Pray for the caretakers. Pray for the Lord of all comfort to be so real to them, and for the wisdom, stamina and faith they will need to care for these children.
Encourage
If you pray for someone you know doing foster care, reach out and tell them. Let them know you see them and you care.
Be Hands On
As a single foster mom to young kids, the number one thing I long for is a night off of bedtimes. Some states have strict rules about who can care for foster children, others, not so much. But offer those foster parents a break. You might need to be creative depending on the regulations but trust me…it will speak volumes that words never will be able to.
Listen and Offer Empathy
Guaranteed, every family caring for foster children has had some rather harrowing experiences during their journey. Part of how we make sense of those experiences and continue to move on is to share our stories. Take those parents out, show them you care and are genuinely interested, and let them tell their stories. Also, please assure confidentiality. As much as we need to talk, we are also fiercely protective of our kiddos’ stories.
Hand in hand with listening is to trust the story you are told. No one knows the journey of foster care better than those living it. When those living the journey celebrate a win, celebrate it with them (even if you don’t quite get why it’s a win). And when they’re overwhelmed by difficulties, offer empathy and validation.

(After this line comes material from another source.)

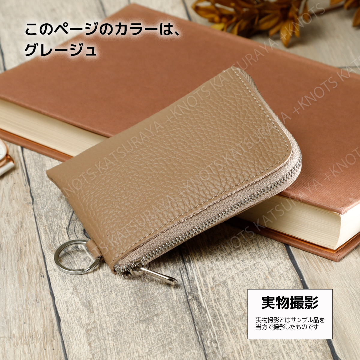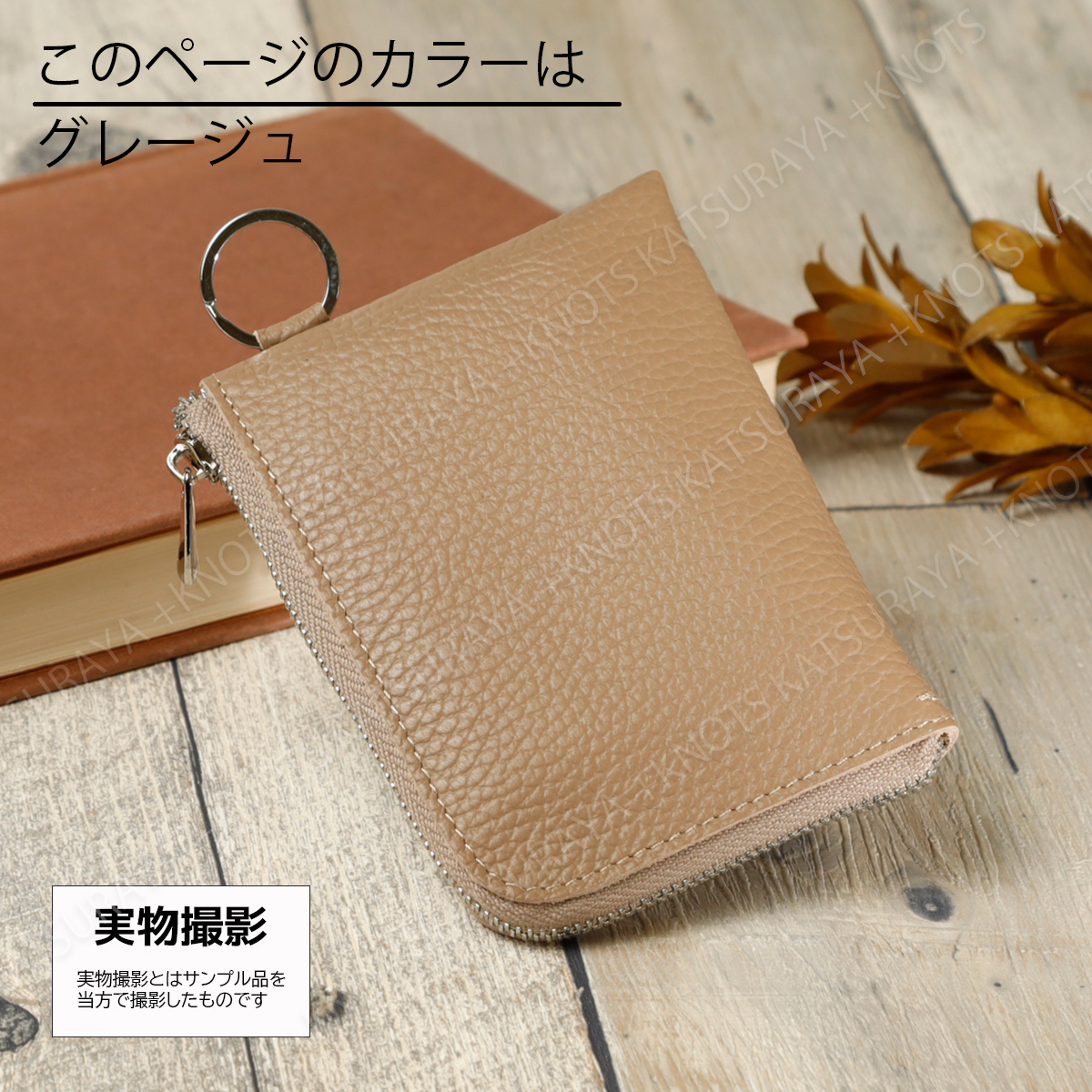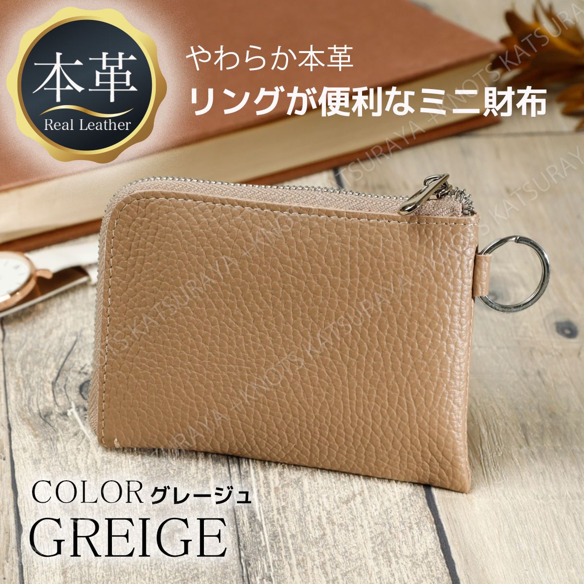 本革 リング付き L字ファスナー ミニ財布★グレージュ★レディース メンズ 柔らかい 小さい コンパクト スリム 薄い 軽い レザーa274
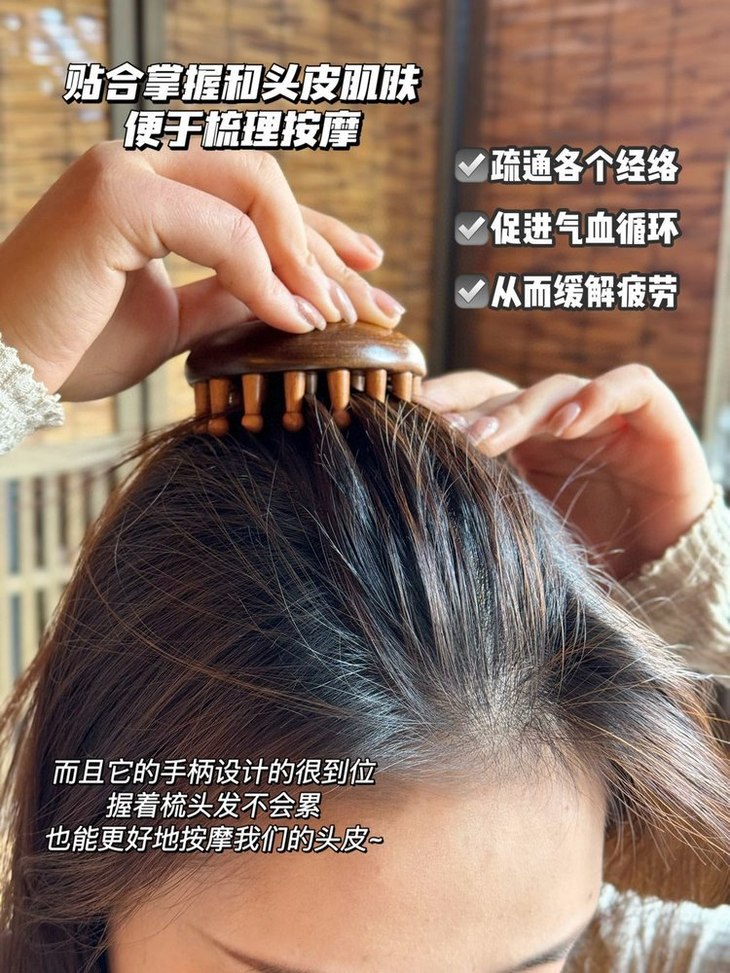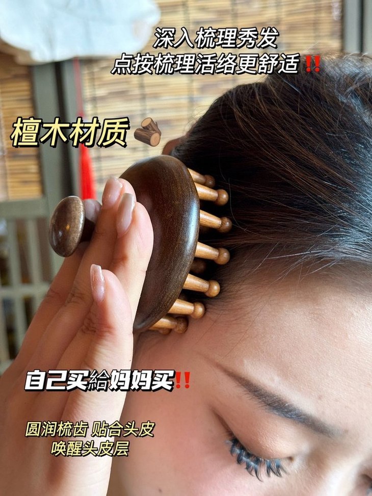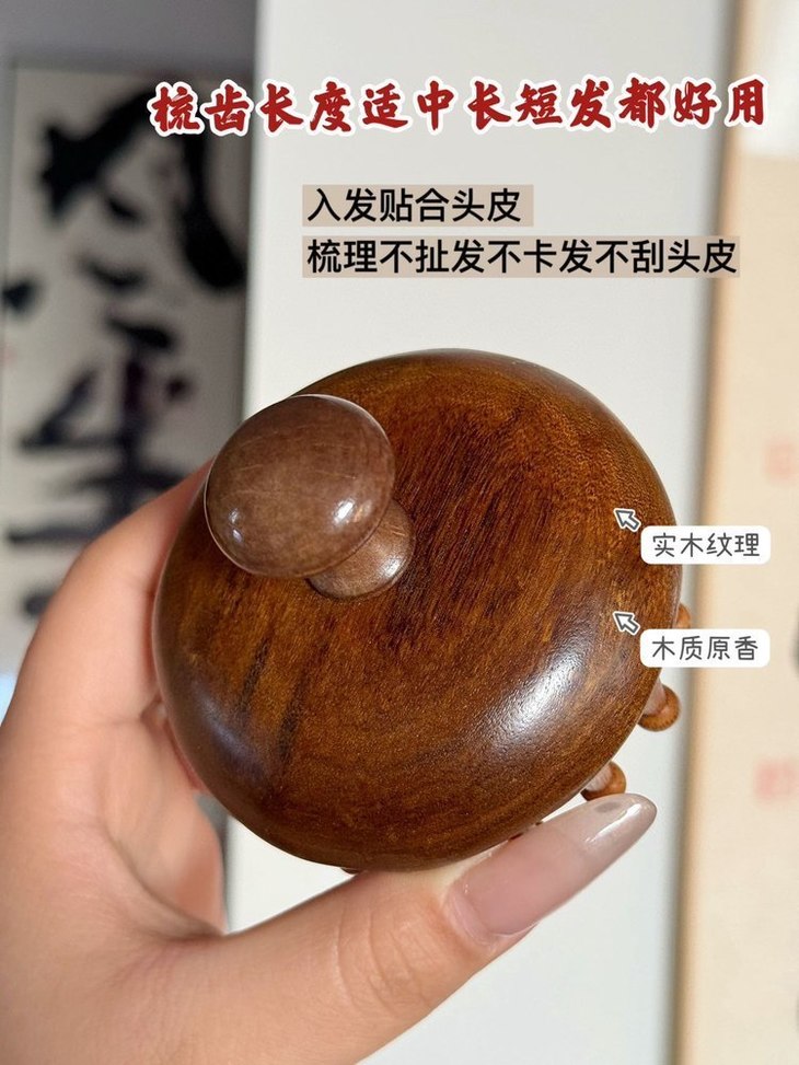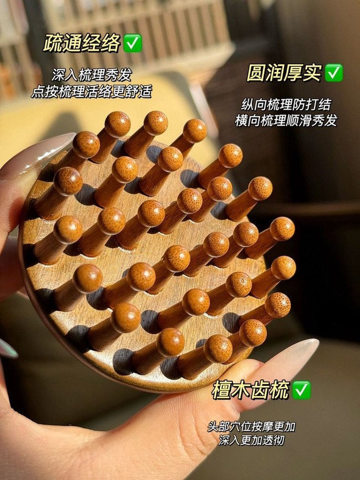 这个圆形檀木按摩梳真的爱了姐妹们👭

Many challenges of foster care happen within four walls and behind closed doors; from the outside, life can look normal. Kids can seem healthy and functional. But rarely are kids in foster care operating at their prime, and the families live that reality.
Offer Community
Foster children bring additional needs with them, some visible, some not so visible. Those needs can be challenging, timeconsuming and exhausting. Often, it’s just easier to stay home than try to grapple with those needs in public. But foster families need community. Be that community. Don’t give up on inviting them. Including them. Loving on them. Your investment will not go unreturned. And when they do show up? Welcome them (and their children) with open arms.
My story is both incredible and, at the same time, it is not. To the end that it glorifies the Lord and bears witness to his incredible grace, power and love, it is unparalleled. And yet, to the degree that it makes me out to be anything other than a sinner saved by grace, it is quite ordinary. In the end, my story is one of obedience. Of going where the Lord leads; of submitting plans to him; of being open to his leading; of coming back to him each time I stray and trust him to receive me, remake me, use me.
For reasons known only to him, the Lord put me on this path as the one that would best glorify him. Whatever the specifics of your path, the mandate to care for the fatherless is clear. Wherever and however the Lord might use you, there is no greater joy than helping the little children come unto Jesus.